How do I know if my stress is becoming too much to handle on my own?

There are a number of common experiences that might indicate a need for additional support. Some individuals respond to stress by becoming more depressed and notice feelings of sadness for long periods of time, losing interest in activities that used to bring happiness or pleasure, experiencing changes in diet and sleep, wanting to be alone, and having negative thoughts about oneself. Other individuals, however, respond to stress by becoming more anxious and notice feeling stressed and on edge for long periods of time, feeling bothered by worrying thoughts, have difficulty with sleep, feeling frequent stomach or chest discomfort, and avoiding stressful situations.

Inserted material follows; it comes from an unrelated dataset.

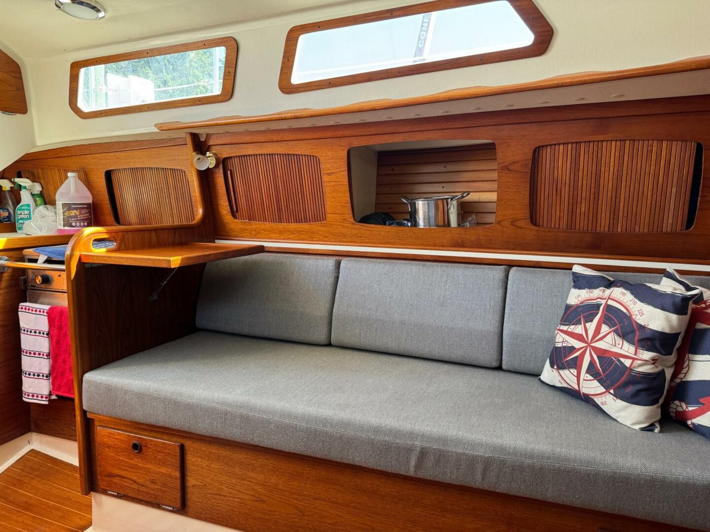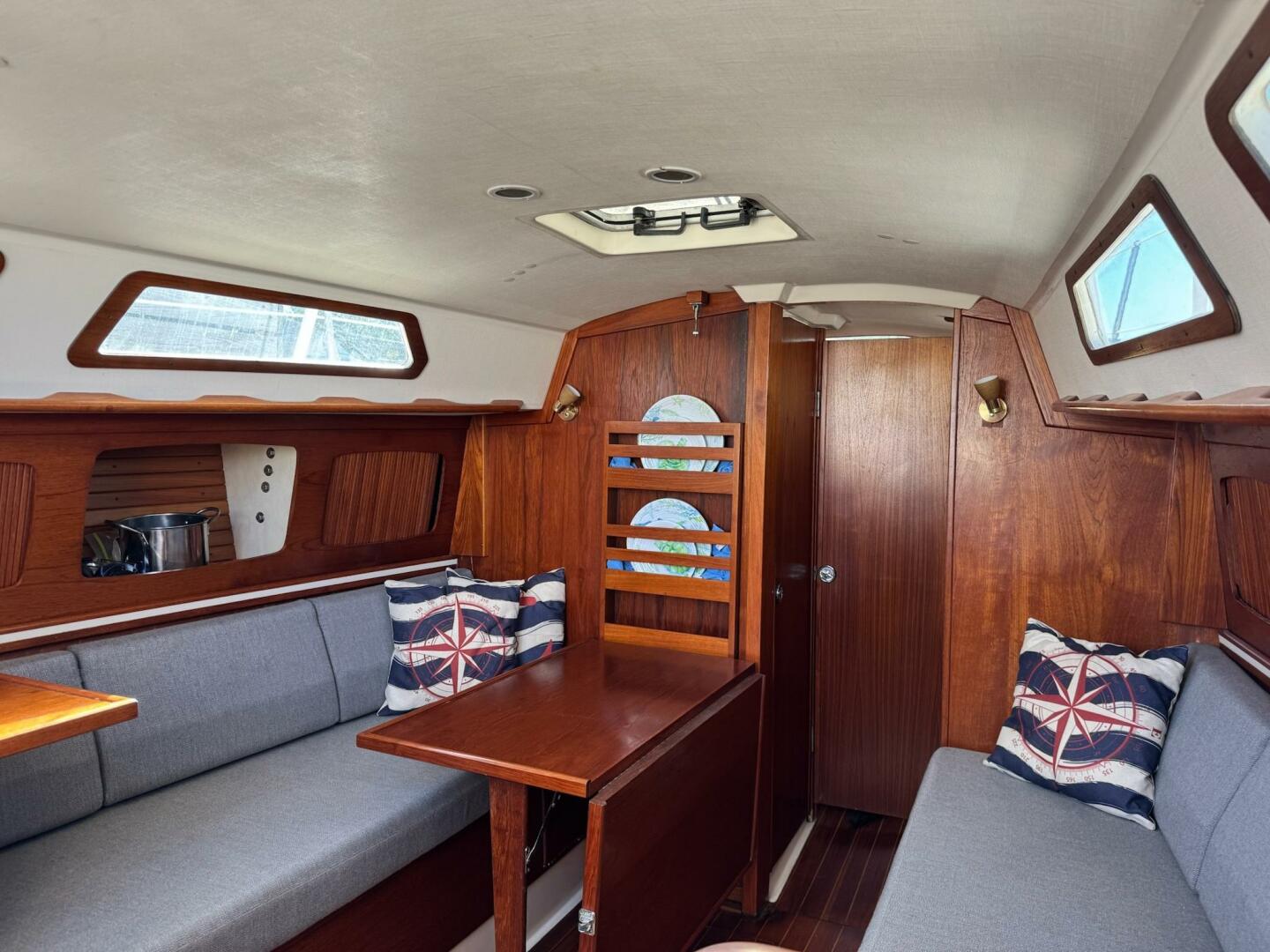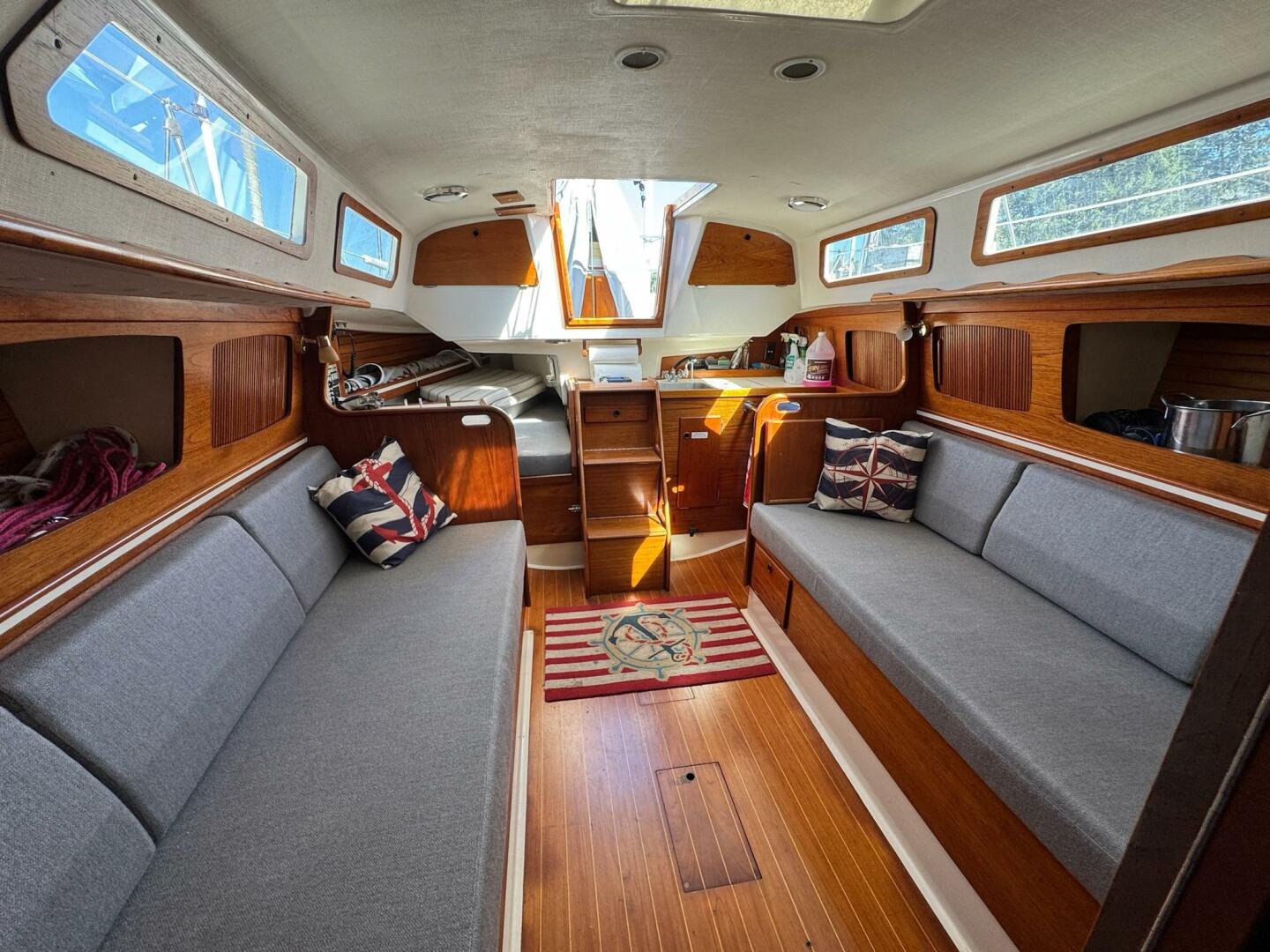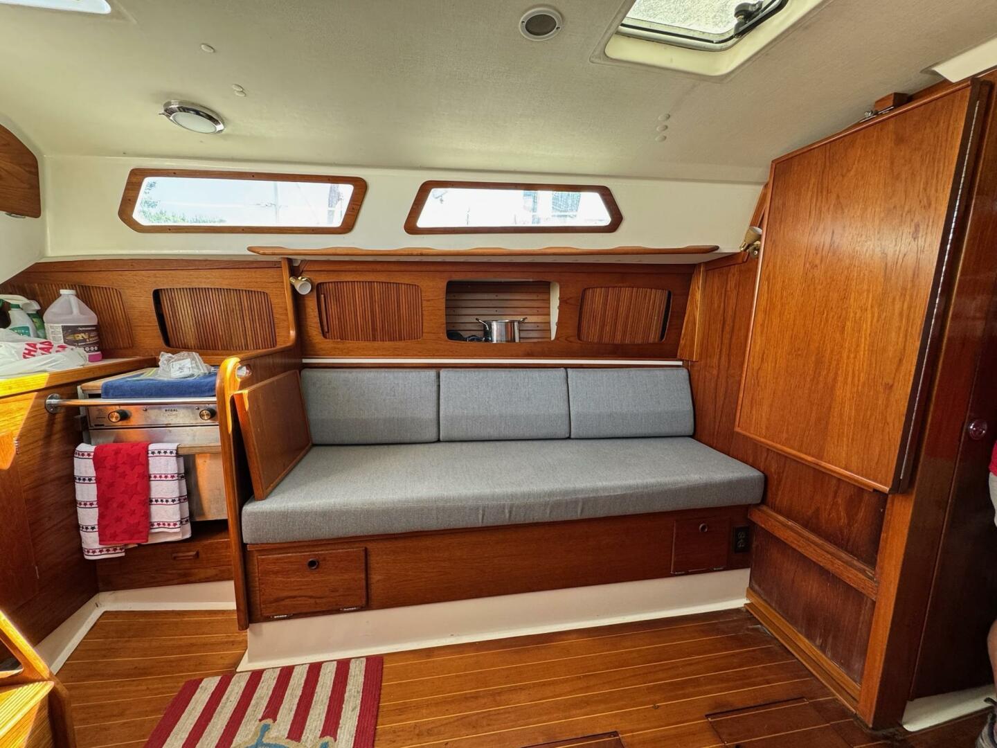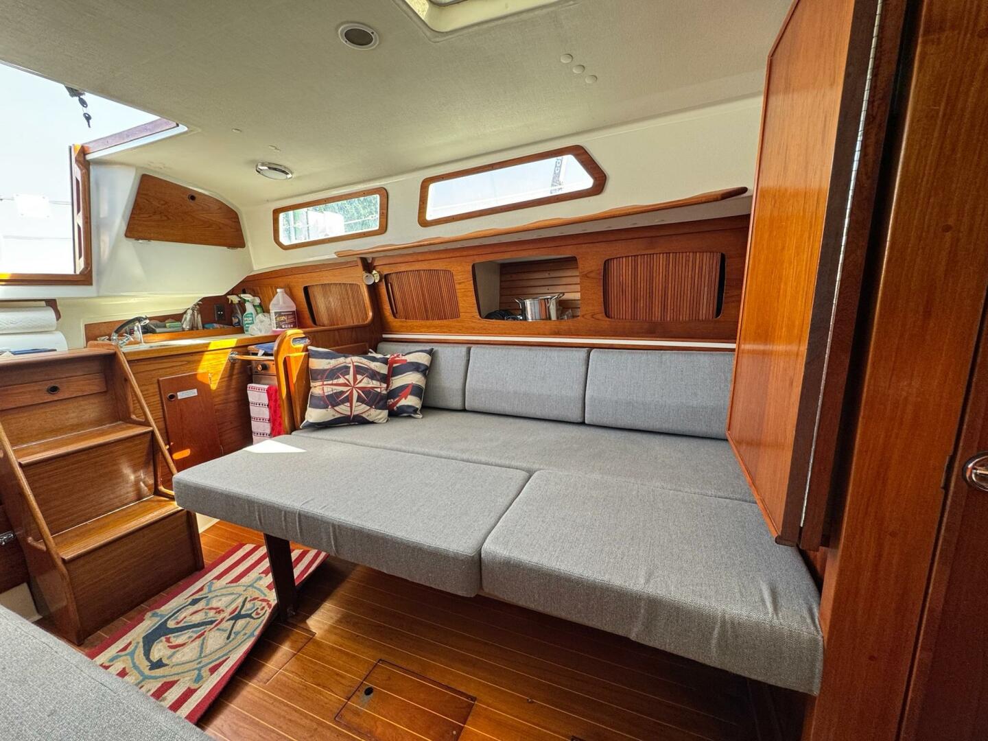 Classic Sabre interior featuring varnished teak and holly flooring, teak cabinetry, and bulkheads, with recently updated gray upholstery. The forward owner’s cabin includes a V-berth with filler cushion and an enclosed head with manual toilet, shower, holding tank, Y-valve, macerator, and hot/cold pressure water. The main salon offers port and starboard settees with a folding teak dining table; the port settee converts to a double berth. Starboard aft is the navigation station. Galley is port aft with two-burner stove and oven, icebox, and stainless-steel sink. Aft quarter berth for a total of 6 comfortable sleeping quarters.

If you are experiencing any of the above, this might indicate that there is a need for support.

Where and how do I find support for the stress that I am facing?

Although it can be a scary experience to struggle with daily stress and sometimes feel that nothing can be done to make the situation better, there are many ways that individuals can get support:

1. Talking to someone you trust. When faced with stress, many individuals choose to keep the experience to themselves. This could be for many reasons, such as believing that the stress is “not that big of a deal,” feeling ashamed or guilty, believing that others would not understand, or not wanting to burden others. Similar to filling a balloon with water, it can eventually get to the point where it becomes too stressful to hold everything in and then the “balloon” might burst: this is when individuals lash out at others or themselves and sometimes turn to unhealthy behaviors, such as drugs and alcohol. Talking to others about your stress can help to relieve the pressure, clear your mind, and find hope that difficult situations can change. As a psychologist, I often hear from people how helpful it is to have a space to “get everything off their chest,” and to feel heard and supported. You might find this support from a close friend, family member, or health professional you trust.

2. Using community resources. We are fortunate that the Twin Cities has many resources available for individuals in need of support. If you have access to the Internet, a great resource is auntbertha.com. You can enter your zip code, and find a listing of free or reduced cost services in your area specific to food, housing, transit, mental health, work, and legal, among many others. In the West End, you can come to United Family Medicine and get connected to a social worker, therapist as well as many other providers who can help you work on next steps.

3. Taking healthy action that works for you. No two people are the same; therefore, we know that healthy ways of responding to stress can be different for everyone. I usually ask individuals the following questions: Besides drugs and alcohol (if applicable), what do you like to do that helps to take your mind off the stress? Who would be open to doing something fun or enjoyable with you? What is an activity or experience that brings you pleasure? What is something that you have not tried yet and would like to do? If you were not feeling sad or anxious, what would you be doing? Considering how you would respond to these questions will indicate some behaviors that might be helpful in managing stress.

                The holiday season can be a time of great joy — and also a time of great difficulty. If you are struggling, please consider reaching out for support. If you have many resources and a great support network already, then please consider helping others in need.